Consider putting the queries into stored procedures and passing in the
value of the expression as a parameter. The Query Optimizer evaluates
the value of a parameter prior to optimization. SQL Server evaluates the
expression prior to optimizing the stored procedure.
- Avoid data type mismatches on join columns.
- Avoid
writing large complex queries whenever possible. Complex queries with a
large number of tables and join conditions can take a long time to
optimize. It may not be possible for the Query Optimizer to analyze the
entire set of plan alternatives, and it is possible that a suboptimal
query plans could be chosen. Typically, if a query involves more than 12
tables, it is likely that the Query Optimizer will have to rely on
heuristics and shortcuts to generate a query plan and may miss some
optimal strategies.
Stored Procedure Guidelines
- Use stored
procedures for SQL execution from your applications. Stored procedure
execution can be more efficient that ad hoc SQL due to reduced network
traffic and query plan caching for stored procedures.
- Use
stored procedures to make your database sort of a “black box” as far as
the as your application code is concerned. If all database access is
managed through stored procedures, the applications are shielded from
possible changes to the underlying database structures. You can simply
modify the existing stored procedures to reflect the changes to the
database structures without requiring any changes to the front-end
application code.
- Ensure that your parameter data types
match the column data types they are being compared against to avoid
data type mismatches and poor query optimization.
- Avoid
transaction nesting issues in your stored procedures by developing a
consistent error-handling strategy for failed transactions or other
errors that occur in transactions within your stored procedures.
Implement that strategy consistently across all procedures and
applications. Within stored procedures that might be nested, you need to
check whether the procedure is already being called from within a
transaction before issuing another BEGIN TRAN statement. If a transaction is already active, you can issue a SAVE TRAN
statement so that the procedure can roll back only the work that it has
performed and allow the calling procedure that initiated the
transaction to determine whether to continue or abort the overall
transaction.
- Break up large, complex stored procedures
into smaller, more manageable stored procedures. Try to create very
modular pieces of code that are easily reused and/or nested.
Coding Efficient Transactions and Minimizing Locking Contention
Poorly written or
inefficient transactions can have a detrimental effect on concurrency of
access to data and overall application performance. To reduce locking
contention for resources, you should keep transactions as short and
efficient as possible. During development, you might not even notice
that a problem exists; the problem might become noticeable only after
the system load is increased and multiple users are executing
transactions simultaneously.
Following are some
guidelines to consider when coding transactions to minimize locking
contention and improve application performance:
- Do not return
result sets within a transaction. Doing so prolongs the transaction
unnecessarily. Perform all data retrieval and analysis outside the
transaction.
- Never
prompt for user input during a transaction. If you do, you lose all
control over the duration of the transaction. (Even the best programmers
miss this one on occasion.) On the failure of a transaction, be sure to
issue the rollback before putting up a message box telling the user
that a problem occurred.
- Use optimistic locking or
snapshot isolation. If user input is unavoidable between data retrieval
and modification and you need to handle the possibility of another user
modifying the data values read, leverage the necessary locking strategy
(or isolation) to guarantee that no other user corrupts this data.

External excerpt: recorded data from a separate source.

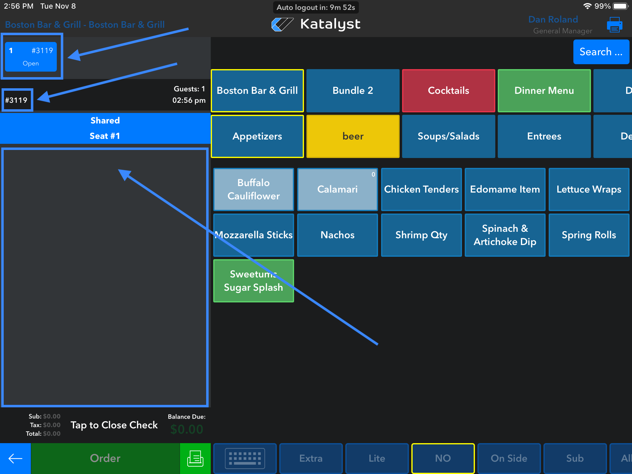 Once you are in the active check, you will see at the top left that the check is open and this is where you can find the check number. Below this information will be where any items that have been ordered by the table will be listed.
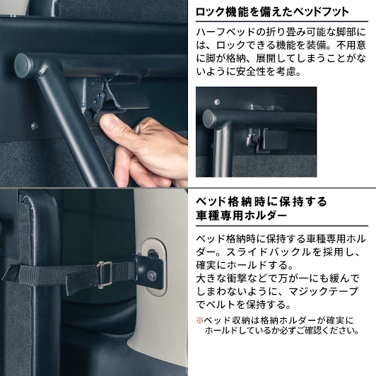 ※走行中のベッドで寝る行為(着座を含む)は大変危険です。走行中は絶対に使用しないでください。
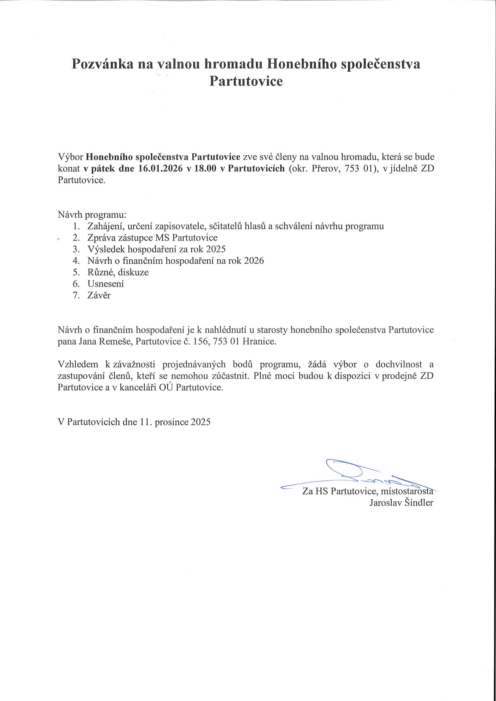 Pozvánka na valnou hromadu Honebního společenstva Partutovice
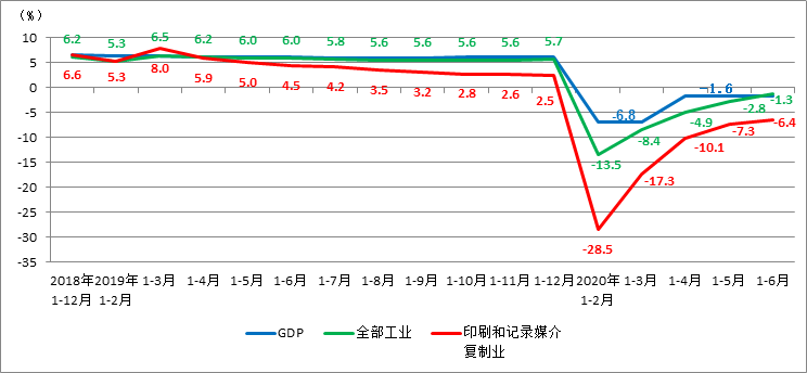 2020年1-6月,印刷業規模以上企業實現營業收入,同比下降9.5%;實現利潤總額,同比下降13.8%。兩項指標繼續呈現觸底后的回升態勢,但回升速度放緩,行業仍面臨不少困難和市場壓力。

Simple things like re-read and compare, as opposed to holding the
resource.
- Keep statements that comprise a transaction in
a single batch to eliminate unnecessary delays caused by network
input/output between the initial BEGIN TRAN statement and the subsequent COMMIT TRAN commands. Additionally, keeping the BEGIN TRAN and COMMIT/ROLLBACK statements within the same batch helps avoid the possibility of leaving transactions open should the COMMIT/ROLLBACK statement not be issued in a subsequent batch.
- Consider
coding transactions entirely within stored procedures. Stored
procedures typically run faster than commands executed from a batch. In
addition, because they are server resident, stored procedures reduce the
amount of network I/O that occurs during execution of the transaction,
resulting in faster completion of the transaction.
- Keep
transactions as short and concise as possible. The shorter the period of
time locks are held, the less chance for lock contention. Keep commands
that are not essential to the unit of work being managed by the
transaction (for example, assignment selects, retrieval of updated or
inserted rows) outside the transaction.
- Use the lowest
level of locking isolation required by each process. For example, if
dirty reads are acceptable and accurate results are not imperative,
consider using transaction Isolation Level 0. Use the Repeatable Read or
Serializable Read isolation levels only if absolutely necessary.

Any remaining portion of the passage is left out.